ASSIGNMENT ▸ Write out exactly the lines from the one holding "1、选择对战模式,模式选择是" to the last line of the entries, both ends included and nothing else, without the pictures.

SOURCE MATERIAL ▸
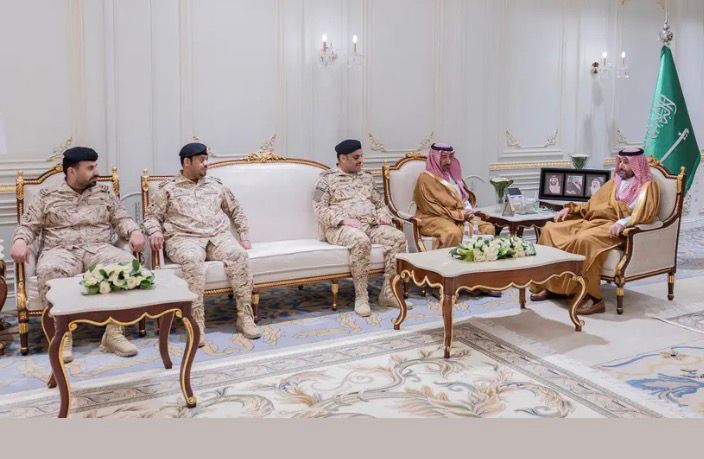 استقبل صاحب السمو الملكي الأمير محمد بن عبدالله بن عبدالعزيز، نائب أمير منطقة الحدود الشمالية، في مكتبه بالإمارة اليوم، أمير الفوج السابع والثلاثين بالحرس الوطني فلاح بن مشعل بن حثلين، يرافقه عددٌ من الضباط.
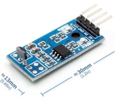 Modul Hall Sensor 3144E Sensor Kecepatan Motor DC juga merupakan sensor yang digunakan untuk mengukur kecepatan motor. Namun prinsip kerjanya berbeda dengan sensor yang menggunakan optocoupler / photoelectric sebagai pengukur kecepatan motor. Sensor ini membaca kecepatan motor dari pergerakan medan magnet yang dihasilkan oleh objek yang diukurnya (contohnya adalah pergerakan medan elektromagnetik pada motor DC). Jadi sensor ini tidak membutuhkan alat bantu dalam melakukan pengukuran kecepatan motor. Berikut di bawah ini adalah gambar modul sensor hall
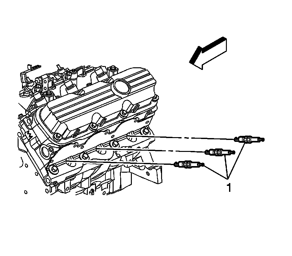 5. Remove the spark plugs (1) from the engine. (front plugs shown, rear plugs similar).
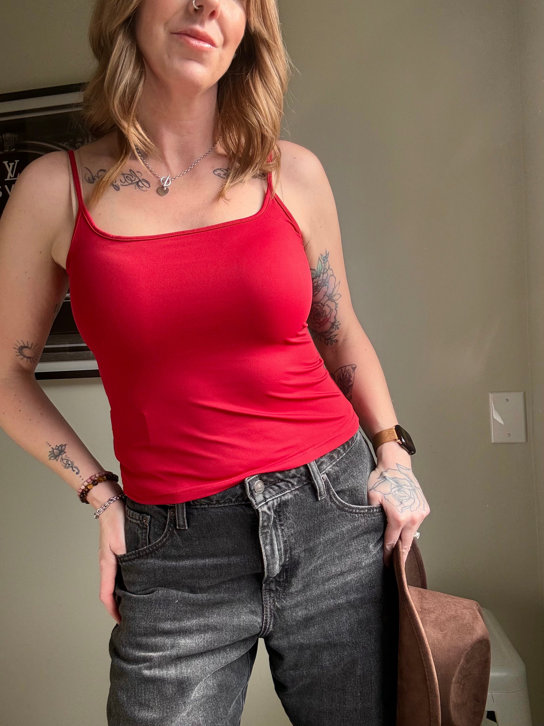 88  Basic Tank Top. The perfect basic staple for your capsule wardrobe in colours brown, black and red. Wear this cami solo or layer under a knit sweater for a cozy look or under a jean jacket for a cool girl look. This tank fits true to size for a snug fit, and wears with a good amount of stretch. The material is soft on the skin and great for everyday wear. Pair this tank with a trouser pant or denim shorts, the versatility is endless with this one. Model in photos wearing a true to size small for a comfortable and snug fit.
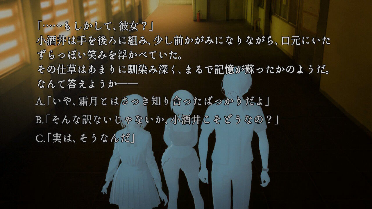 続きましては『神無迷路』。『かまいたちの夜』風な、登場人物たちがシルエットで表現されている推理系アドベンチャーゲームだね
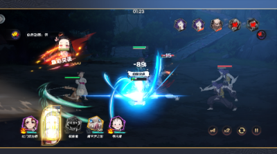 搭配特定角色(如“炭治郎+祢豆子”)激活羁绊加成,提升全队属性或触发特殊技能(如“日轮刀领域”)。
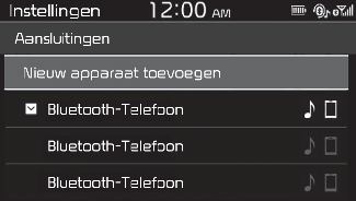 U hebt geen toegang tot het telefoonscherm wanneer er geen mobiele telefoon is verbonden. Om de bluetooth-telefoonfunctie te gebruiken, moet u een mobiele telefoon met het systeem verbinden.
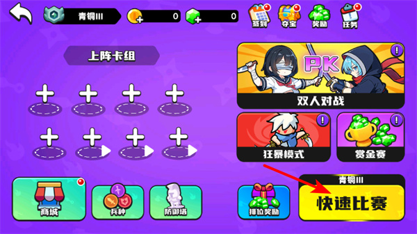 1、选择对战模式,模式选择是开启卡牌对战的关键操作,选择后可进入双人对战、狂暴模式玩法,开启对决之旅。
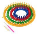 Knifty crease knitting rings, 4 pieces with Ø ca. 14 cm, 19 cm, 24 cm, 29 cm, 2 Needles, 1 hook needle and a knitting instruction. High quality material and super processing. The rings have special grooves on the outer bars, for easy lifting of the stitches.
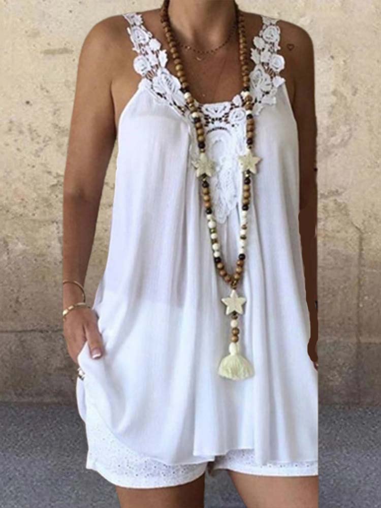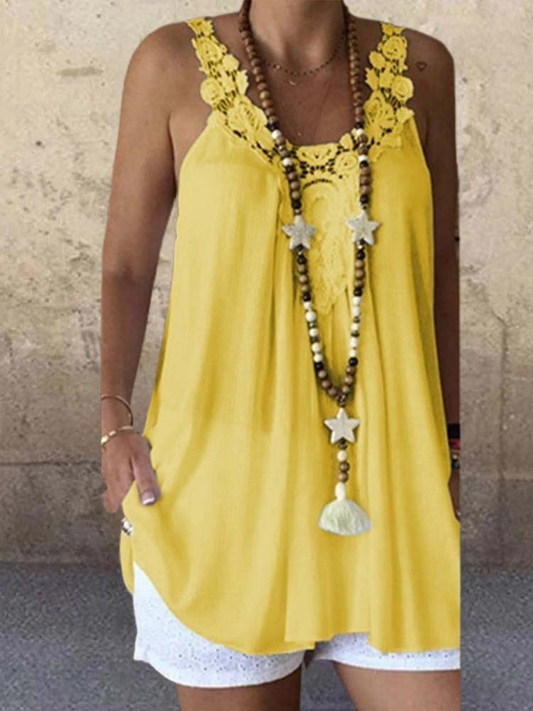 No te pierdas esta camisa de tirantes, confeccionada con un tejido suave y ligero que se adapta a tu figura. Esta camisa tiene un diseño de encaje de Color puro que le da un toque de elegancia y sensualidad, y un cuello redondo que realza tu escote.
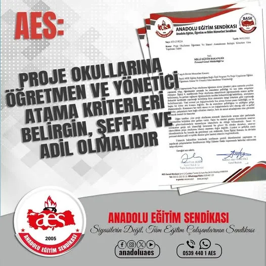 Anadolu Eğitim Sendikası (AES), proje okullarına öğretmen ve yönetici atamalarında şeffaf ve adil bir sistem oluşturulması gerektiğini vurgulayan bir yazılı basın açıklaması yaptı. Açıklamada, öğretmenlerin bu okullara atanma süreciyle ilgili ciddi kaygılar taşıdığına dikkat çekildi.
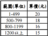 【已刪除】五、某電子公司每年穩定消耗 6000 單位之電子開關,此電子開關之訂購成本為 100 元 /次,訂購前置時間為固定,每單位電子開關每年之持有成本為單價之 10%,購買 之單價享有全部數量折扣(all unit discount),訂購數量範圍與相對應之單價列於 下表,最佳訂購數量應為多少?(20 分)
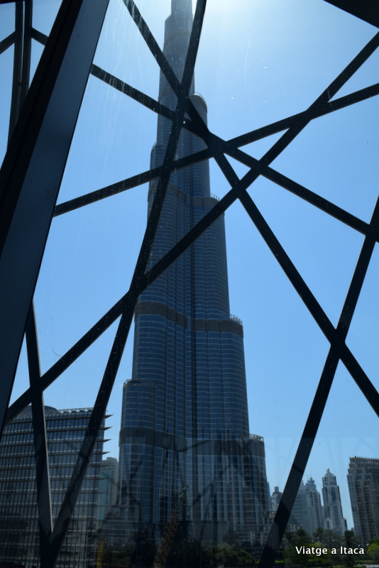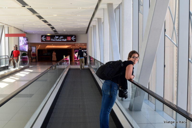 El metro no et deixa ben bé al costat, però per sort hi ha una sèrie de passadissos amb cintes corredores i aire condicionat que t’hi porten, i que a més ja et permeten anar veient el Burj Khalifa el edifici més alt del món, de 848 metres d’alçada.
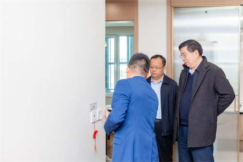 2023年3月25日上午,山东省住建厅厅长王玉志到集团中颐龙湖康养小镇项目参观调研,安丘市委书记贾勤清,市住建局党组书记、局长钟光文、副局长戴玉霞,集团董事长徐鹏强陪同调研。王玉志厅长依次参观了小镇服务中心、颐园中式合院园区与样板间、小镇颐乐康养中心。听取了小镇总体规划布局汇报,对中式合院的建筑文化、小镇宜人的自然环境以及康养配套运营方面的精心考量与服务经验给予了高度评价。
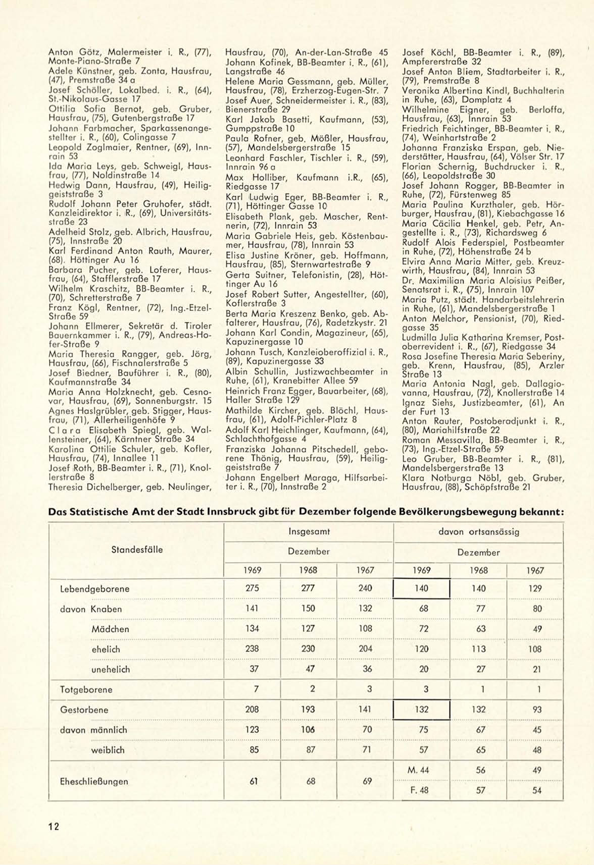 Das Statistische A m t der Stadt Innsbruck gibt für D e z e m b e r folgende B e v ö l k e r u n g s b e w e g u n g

RESULT OF THIS TASK ▸
 1、选择对战模式,模式选择是开启卡牌对战的关键操作,选择后可进入双人对战、狂暴模式玩法,开启对决之旅。
 Knifty crease knitting rings, 4 pieces with Ø ca. 14 cm, 19 cm, 24 cm, 29 cm, 2 Needles, 1 hook needle and a knitting instruction. High quality material and super processing. The rings have special grooves on the outer bars, for easy lifting of the stitches.
 No te pierdas esta camisa de tirantes, confeccionada con un tejido suave y ligero que se adapta a tu figura. Esta camisa tiene un diseño de encaje de Color puro que le da un toque de elegancia y sensualidad, y un cuello redondo que realza tu escote.
 Anadolu Eğitim Sendikası (AES), proje okullarına öğretmen ve yönetici atamalarında şeffaf ve adil bir sistem oluşturulması gerektiğini vurgulayan bir yazılı basın açıklaması yaptı. Açıklamada, öğretmenlerin bu okullara atanma süreciyle ilgili ciddi kaygılar taşıdığına dikkat çekildi.
 【已刪除】五、某電子公司每年穩定消耗 6000 單位之電子開關,此電子開關之訂購成本為 100 元 /次,訂購前置時間為固定,每單位電子開關每年之持有成本為單價之 10%,購買 之單價享有全部數量折扣(all unit discount),訂購數量範圍與相對應之單價列於 下表,最佳訂購數量應為多少?(20 分)
 El metro no et deixa ben bé al costat, però per sort hi ha una sèrie de passadissos amb cintes corredores i aire condicionat que t’hi porten, i que a més ja et permeten anar veient el Burj Khalifa el edifici més alt del món, de 848 metres d’alçada.
 2023年3月25日上午,山东省住建厅厅长王玉志到集团中颐龙湖康养小镇项目参观调研,安丘市委书记贾勤清,市住建局党组书记、局长钟光文、副局长戴玉霞,集团董事长徐鹏强陪同调研。王玉志厅长依次参观了小镇服务中心、颐园中式合院园区与样板间、小镇颐乐康养中心。听取了小镇总体规划布局汇报,对中式合院的建筑文化、小镇宜人的自然环境以及康养配套运营方面的精心考量与服务经验给予了高度评价。
 Das Statistische A m t der Stadt Innsbruck gibt für D e z e m b e r folgende B e v ö l k e r u n g s b e w e g u n g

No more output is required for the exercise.